Analysis of Fractures in Patients With Type 2 Diabetes Treated With Empagliflozin in Pooled Data From Placebo-Controlled Trials and a Head-to-Head Study Versus Glimepiride

• Published in: Diabetes care Vol. 41; no. 8; pp. 1809 - 1816
• Main Authors: Kohler, Sven, Kaspers, Stefan, Salsali, Afshin, Zeller, Cordula, Woerle, Hans J.
• Format: Journal Article
• Language: English
• Published: United States American Diabetes Association 01.08.2018
• Subjects: Adult; Aged; Antidiabetics; Benzhydryl Compounds - adverse effects; Benzhydryl Compounds - therapeutic use; Bone density; Bone Density - drug effects; Bone mineral density; Clinical trials; Clinical Trials, Phase I as Topic - statistics & numerical data; Clinical Trials, Phase II as Topic - statistics & numerical data; Clinical Trials, Phase III as Topic - statistics & numerical data; Data analysis; Data processing; Diabetes; Diabetes mellitus; Diabetes mellitus (non-insulin dependent); Diabetes Mellitus, Type 2 - drug therapy; Diabetes Mellitus, Type 2 - epidemiology; Female; Fractures; Fractures, Bone - chemically induced; Fractures, Bone - epidemiology; Glucosides - adverse effects; Glucosides - therapeutic use; Humans; Hypoglycemic Agents - therapeutic use; Male; Medical research; Metformin; Metformin - therapeutic use; Middle Aged; Patients; Placebo effect; Placebos; Randomized Controlled Trials as Topic - statistics & numerical data; Research design; Sulfonylurea Compounds - adverse effects; Sulfonylurea Compounds - therapeutic use
• ISSN: 0149-5992; 1935-5548; 1935-5548
• DOI: 10.2337/dc17-1525

To assess the effect of empagliflozin on bone fractures and bone mineral density in patients with type 2 diabetes in pooled placebo-controlled trial data and a head-to-head study versus glimepiride.

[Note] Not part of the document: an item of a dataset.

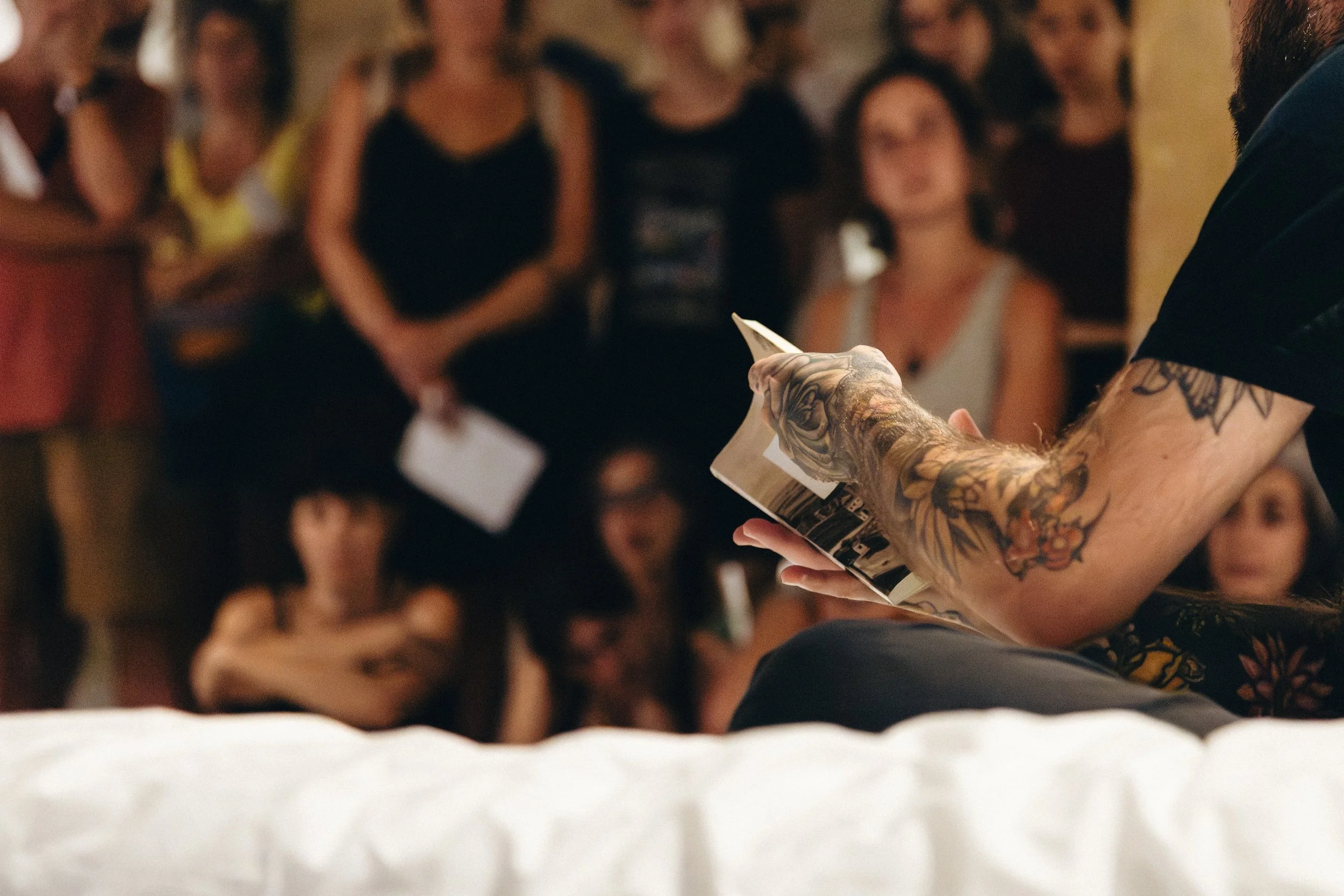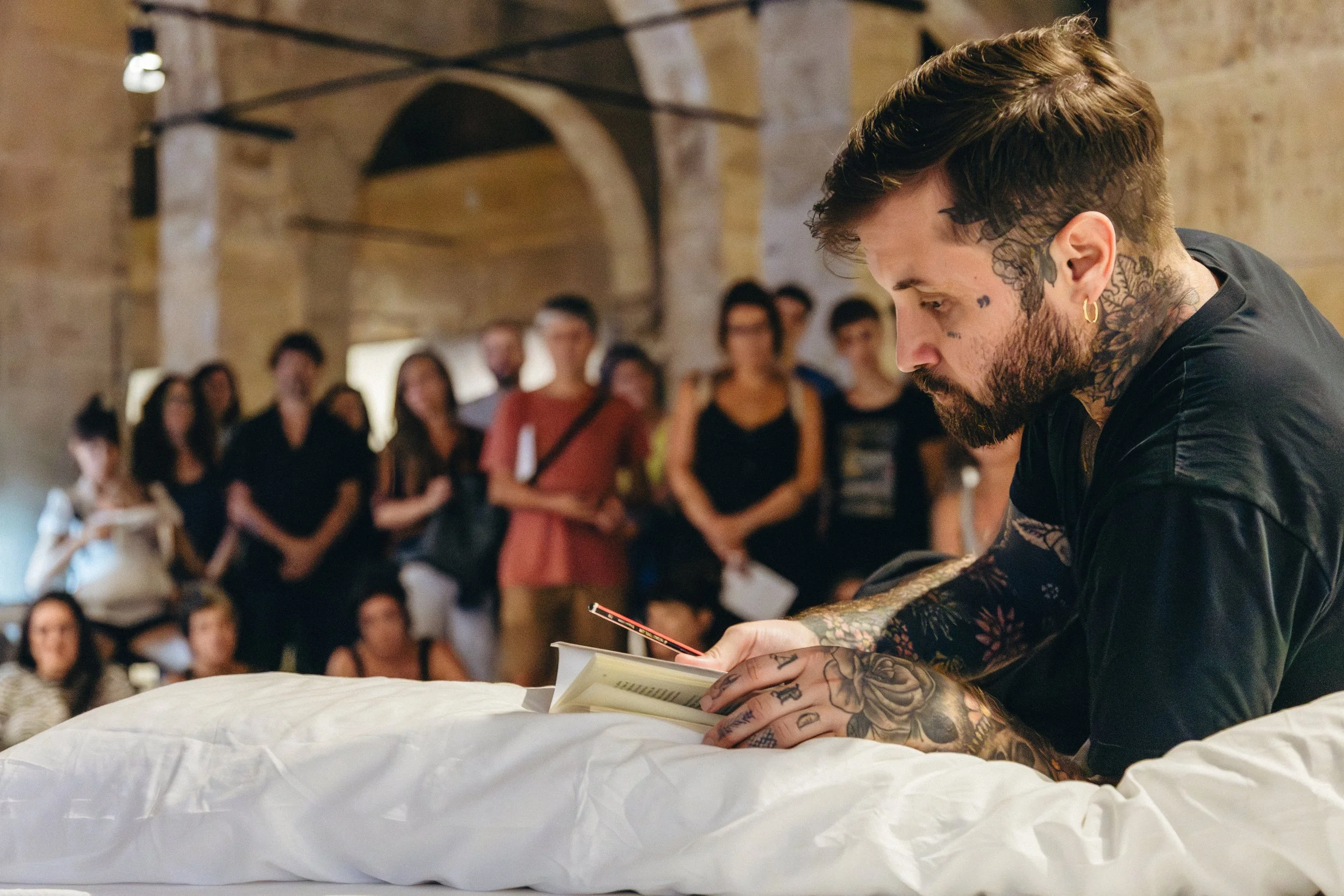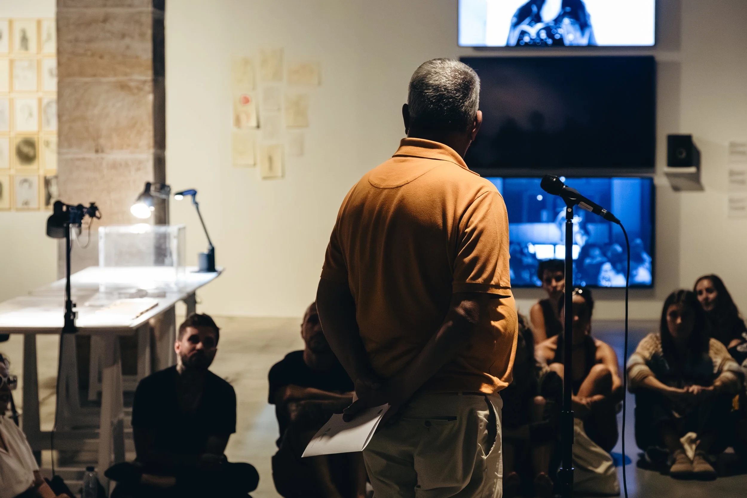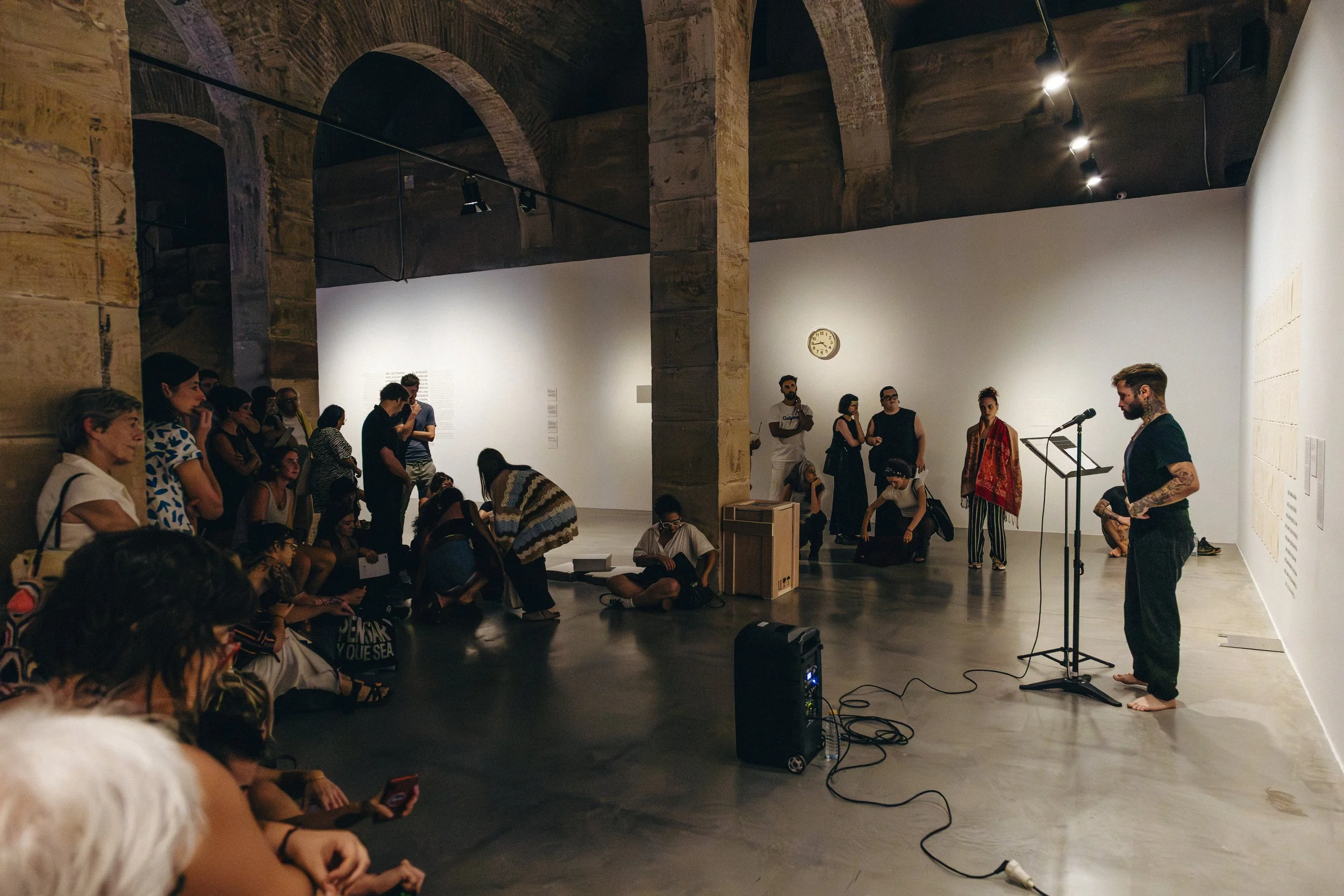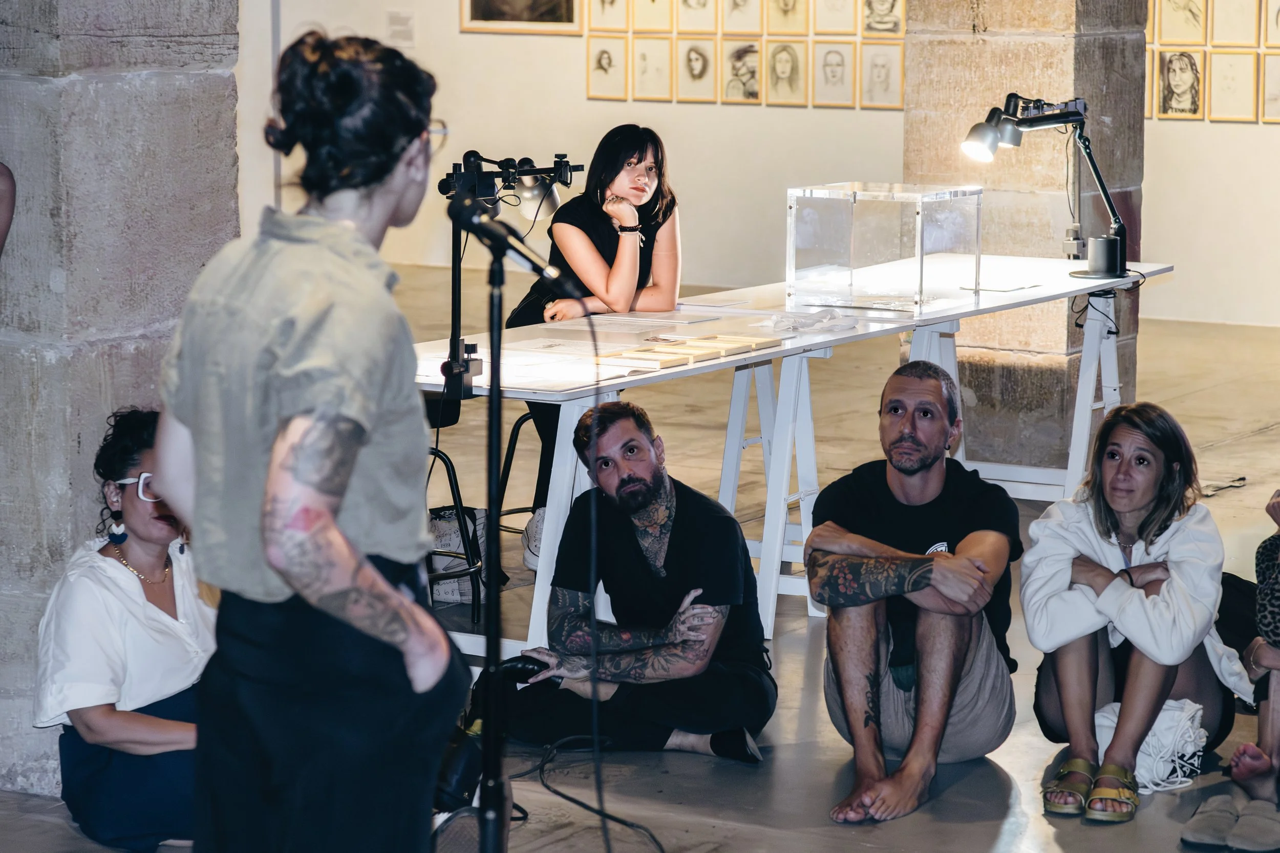 Sixth brief action – A Goodbye That Is Not Forever to Soraya. For the first time, Azcona will read aloud fragments of the handwritten text by his sister, written days before the opening of the exhibition, and he will write the final letter of the process, closing the work Sister’s Word live and definitively.
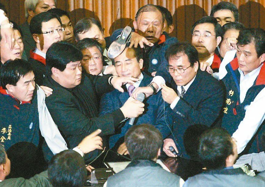 2007年1月19日,藍綠雙方正因人事問題撕作一團時,只見一隻鞋子「劃破天際」,並朝着時任「立法院長」王金平飛去。

Pooled data were analyzed from patients who were randomized 1:1:1 to empagliflozin 10 mg, empagliflozin 25 mg, or placebo in phase I-III clinical trials. Data were also analyzed from the EMPA-REG H2H-SU trial in which patients received empagliflozin 25 mg or glimepiride as an add-on to metformin for 104 weeks with a 104-week extension. Bone fracture adverse events (AEs) were evaluated through a search of investigator-reported (nonadjudicated) events. In the pooled analysis, bone fracture AEs were reported in 119 of 4,221 (2.8%), 105 of 4,196 (2.5%), and 123 of 4,203 (2.9%) patients in the empagliflozin 10 mg, empagliflozin 25 mg, and placebo groups, respectively (rates of 1.55, 1.36, and 1.69/100 patient-years, respectively). In the EMPA-REG H2H-SU trial, bone fracture AEs were reported in 31 of 765 (4.1%) patients receiving empagliflozin 25 mg and in 33 of 780 (4.2%) patients receiving glimepiride (rates of 1.28 and 1.40/100 patient-years, respectively). Empagliflozin did not increase the risk of bone fracture compared with placebo in a pooled analysis of >12,000 patients or compared with glimepiride in a 4-year head-to-head study.